**PROBLEM STATEMENT**: In the entries that follow, the lines from the line containing "- Install the" up to and including the line containing "A caneca do" must be copied exactly, with pictures omitted.

[Stored items from a collection]
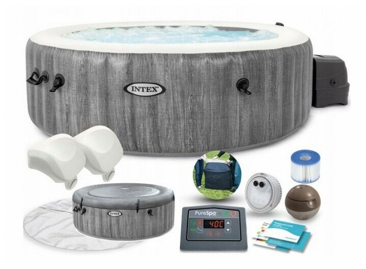 Надувное джакузи Intex PureSpa Bubble Therapy+Hard Water System Greywood Deluxe, 196х71 см, 28440
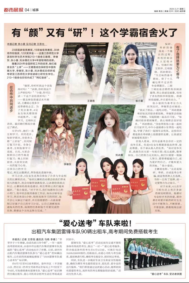 徐州都市晨报5月21日报道我校考研宿舍,报道内容如下:
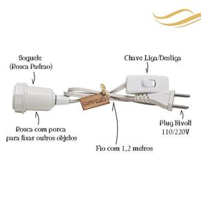 Fio de 1,2 metros. Interruptor liga/desliga tipo gangorra ; Plug 2 pinos padrão nacional ; Bivolt 110v/220v; Soquete e27 rosca padrão ; Potência máx.: 60w Bocal com rosca externa 32mm ; Ean: 7807490245774
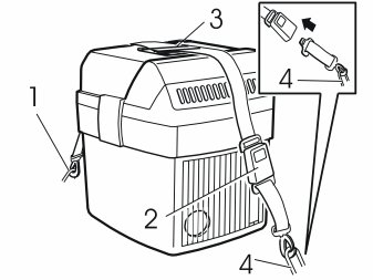 - Install the long strap hook in the front mounting eyelet (1) in the cargo compartment. Allow the strap lock (2) to hang over the front side of the coolbox as illustrated
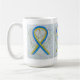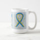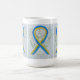 A caneca do anjo da guarda apresenta a pintura de um anjo de fita de reconhecimento azul e amarelo. Fita de sensibilização azul e amarela significa apoio a crianças com Síndrome de Down. Os copos ou canecas de fita ou canecas com anjo de consciência azul e amarelo podem ser personalizados com mensagens personalizadas para fazer canecas com excelente para arrecadação de fundos, presentes no copo de consciência ou outros eventos ou ocasiões especiais.
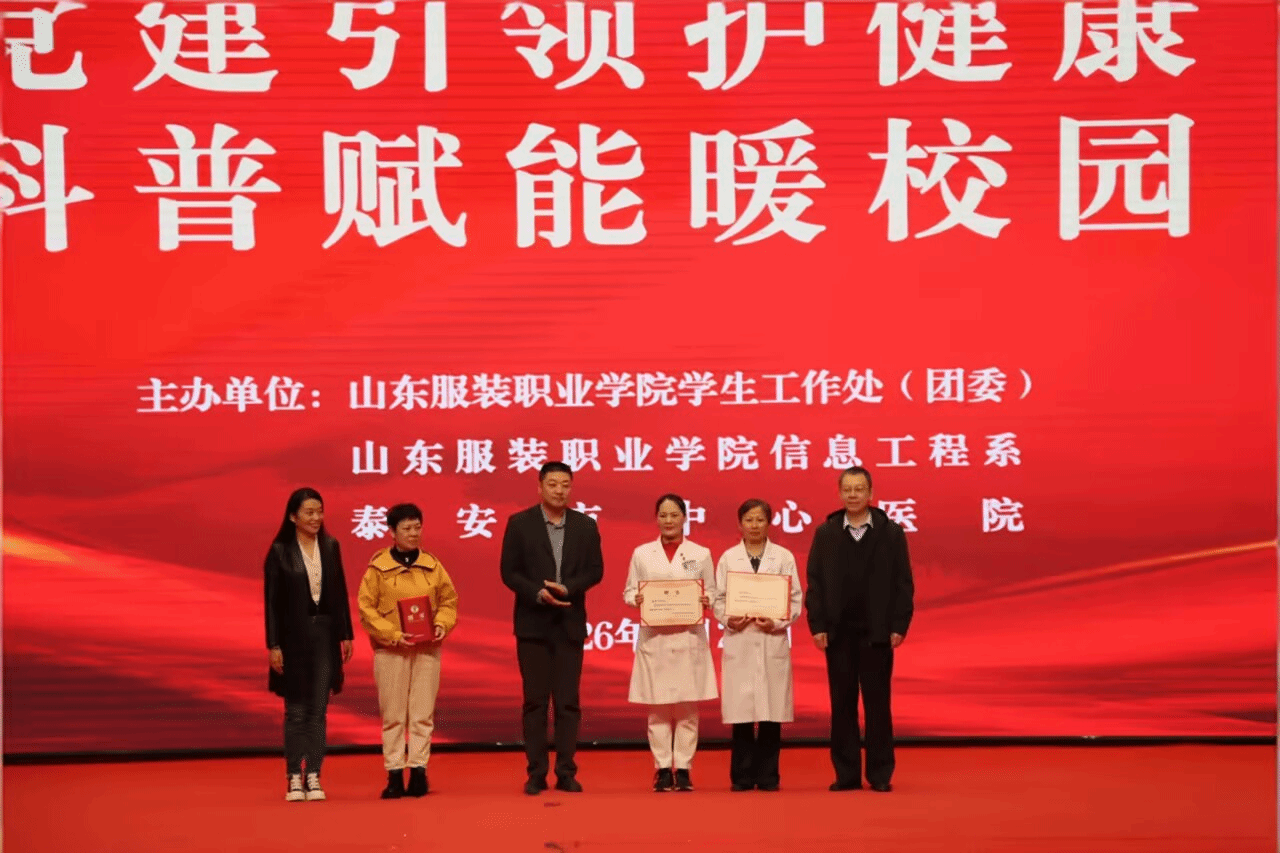 为深入贯彻党的二十大和二十届历次全会精神,落实“健康中国”战略部署,以高质量党建引领校园健康服务,切实提升师生健康素养,3月26日,山东服装职业学院学生工作处(团委)、信息工程系联合泰安市中心医院,举办“党建引领护健康 科普赋能暖校园”健康公益活动。学院党委委员、副院长刘家贵,学生工作处处长张林,信息工程系党总支书记刘凌、系主任杨继鹏,泰安市中心医院健康管理部社区医疗中心社区医疗办主任甄力、院办主任王晓菲,泰安市红十字会办公室主任张玲等出席活动。信息工程系全体师生及各系师生代表共同参与。

**RESULT**:
 - Install the long strap hook in the front mounting eyelet (1) in the cargo compartment. Allow the strap lock (2) to hang over the front side of the coolbox as illustrated
 A caneca do anjo da guarda apresenta a pintura de um anjo de fita de reconhecimento azul e amarelo. Fita de sensibilização azul e amarela significa apoio a crianças com Síndrome de Down. Os copos ou canecas de fita ou canecas com anjo de consciência azul e amarelo podem ser personalizados com mensagens personalizadas para fazer canecas com excelente para arrecadação de fundos, presentes no copo de consciência ou outros eventos ou ocasiões especiais.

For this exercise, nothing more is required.